Немного о Еве

С этой женщиной мы познакомились в Донецком Аэропорту — или, вернее, в пейзаже, имеющем некоторые приметы того, что когда-то здесь был аэропорт. Она лихо подрулила на видавших виды «жигулях» к группе российских писателей, и с командными нотками в голосе осведомилась у кого-то из нас — едва ли не у Сергея Лукьяненко — чего это мы здесь забыли. В это время здесь проходил литературный фестиваль и его участников возили то туда, то сюда.

 

Услышав наши объяснения, а скорее — заметив в некотором отдалении пресс-секретаря командования ДНР Эдуарда Басурина, Ева — назовем ее так, немного расслабилась. Теперь ее интересовали уже не мы, а пресс-секретарь ДНР:

- Здоровеньки, Эдуард Александрович. А вот у нас в селе NN до сих пор жители без электричества, нельзя ли что-то с этим сделать?...
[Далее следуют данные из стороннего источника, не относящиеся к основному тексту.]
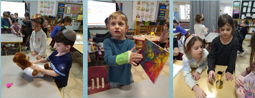
For this week's sound 'sh' the Kindergarteners had a special Show and Share where they showcased the special items they brought to our Show and Share Museum.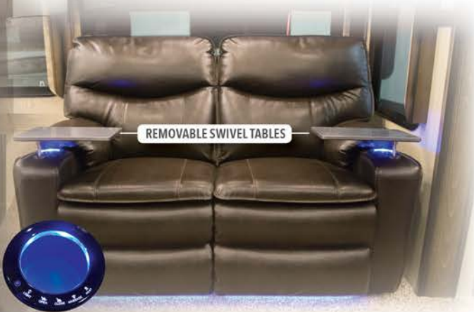
REMOVABLE SWIVEL TABLES

The most spacious EXTENDED STAY FIFTH WHEEL EVER BUILT!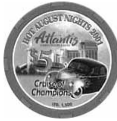
Hot August Nights 2001

Закончив с Басуриным, Ева уже было направилась обратно к машине, но в этот момент я вспомнила, что еще и журналист и попросила ее об интервью.

Так началось знакомство.

 

Ева — социальный работник. Вернее, служащая, «составляет бумажки всякие», а ее полевые выезды, включая тот, в район Аэропорта — личная инициатива. Впрочем, на личной инициативе здесь строится столь многое, что поездки Евы к своим подопечным в разбитые и до сих пор находящие под огнем населенные пункты, всеми — и мамочками, и стариками, которым она привозит одежду и продукты, и бойцами на постах, которые также никогда не остаются хотя бы без коробки печенья, воспринимаются как часть ее служебной деятельности.

 

Через несколько дней я договариваюсь с Евой об интервью. Мы встречаемся после рабочего дня в летнем кафе на берегу Кальмиуса. Последние теплые дни, на террасе толчется мошкара, в зарослях кустарника звучит хор кузнечиков. Ева заказывает кофе и коротко рассказывает о себе — русская, родилась в Инте, на Донбассе родня, тетка получила здесь работу, затем и они с матерью перебрались. «Отец собирался следом, но так и не приехал», - замечает она.
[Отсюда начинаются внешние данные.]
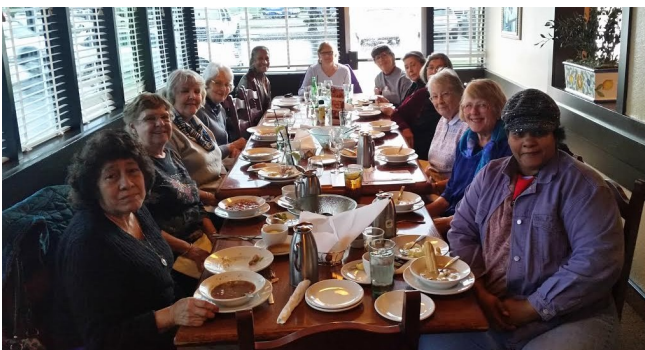
Fellowship at the Olive Garden in January

The next "Ladies Out to Lunch" group will meet at Sala Thai Restaurant: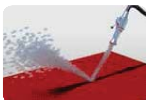
Water jet with soap periodically

Школу Ева закончила уже здесь, какое-то время жила и училась в Киеве. Это чувствуется — у моей собеседницы мягкий южнорусский выговор с обилием украинских и диалектных слов. У Евы три образования, среднее специальное — по швейному делу, и два высших: экономическое и по специальности «госуправление», последнее получила уже в ДНР. До войны был небольшой бизнес — с друзьями перетягивали салоны машин, зарабатывали неплохо. «Одну дорогую тачку сделаешь, и, в принципе, на месяц обеспечены все...» Я голодна и предлагаю угостить собеседницу ужином; Ева, поразмыслив с минуту, говорит — поужинать ты можешь и у нас. Только, извини, перед этим... покажи мне свои документы, пожалуйста. Я предъявляю Еве свой красный паспорт. Она берет его с характерным здесь уважением к державе, которая стоит за обладателем документа. Профессионально сличает фото, затем не удерживается от чисто женского замечания: блондинкой была?.. Тебе идет.

Я-то крашусь в темный, потому что уже седая вся, - откидывает прядь.
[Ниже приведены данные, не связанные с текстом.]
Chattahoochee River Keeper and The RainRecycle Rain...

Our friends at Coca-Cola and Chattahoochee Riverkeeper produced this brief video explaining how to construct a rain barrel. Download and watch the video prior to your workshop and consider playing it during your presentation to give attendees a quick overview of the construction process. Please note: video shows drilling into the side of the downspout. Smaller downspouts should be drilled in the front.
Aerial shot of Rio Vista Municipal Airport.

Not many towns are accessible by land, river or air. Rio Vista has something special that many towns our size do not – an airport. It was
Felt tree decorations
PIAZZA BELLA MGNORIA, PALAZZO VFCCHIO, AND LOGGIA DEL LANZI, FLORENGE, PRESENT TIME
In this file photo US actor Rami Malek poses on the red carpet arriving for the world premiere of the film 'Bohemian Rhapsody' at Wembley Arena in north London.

Ева примерно моя ровесница — около сорока, у нее рельефное лицо из тех, что называют «породистыми», одинаково уместное в экранизации «Тихого Дона» или дореволюционном Петербурге. Проверив мои документы, она предлагает мне поделить счет. Я настаиваю на праве угостить ее. Ева спокойно кивает и идет заводить машину.

 

Пока мы едем в гости, Ева рассказывает что живет в своего рода коммуне — они несколько лет назад сняли дом на паях с двумя парнями-ополченцами. Один, правда, уже уволился и поступил в Донецкий университет, второй до сих пор служит в Корпусе. «Дом нам сдает женщина одна, за оплату коммунальных услуг и поддержание порядка — дом ведь быстро приходит в негодность, когда не живут». По дороге я понимаю смысл проверки моего паспорта — мы едем в тот самый район Аэропорта, проезжаем блокпост, Ева здоровается с бойцами, закидывает им гостинец, те, в свою очередь, предлагают отдать ей излишки казенного хлеба: «он подсох уже, но если людям не сгодится, может, кто-нибудь собак покормит». На посту тоже есть пес, в единственном экземпляре. Хлеба уже наелся, видимо.

 

Живность здесь везде — и не только необходимая для выживания. В Аэропорту к нам вышел однин из немногих жителей улицы Стратонавтов — Николай Васильевич с беременной собачкой и котом по кличке Фугас, в доме у Евы и ее «братьев» нас тоже встречают маленькая ласковая псинка Кася и строгая кошка. Из двоих мужчин дома только Денис, второй, Николай — у барышни своей. «Я им сразу сказала, что девушки — вне дома, а то пойдет - одна, другая, разбирайся потом...» Хозяева производят впечатление хорошо слаженной общности; как только мы появляемся, Ева и Денис решают, что необходимо накрыть стол в садовой беседке и именно там срочно накормить меня борщом. Вместе с первым блюдом появляется весь набор южнорусских домашних заготовок — овощи томленые и тушеные, соленые огурцы и помидоры, самодельное вино от соседа, колбасы, сало. Под ногами в саду сочно чпокают грецкие орехи, хозяева загребают их пригоршней из ящика и также водружают на стол. Кожура у орехов еще мягкая; когда раскроешь такой в пальцах, раздается ошеломляющий терпкий запах.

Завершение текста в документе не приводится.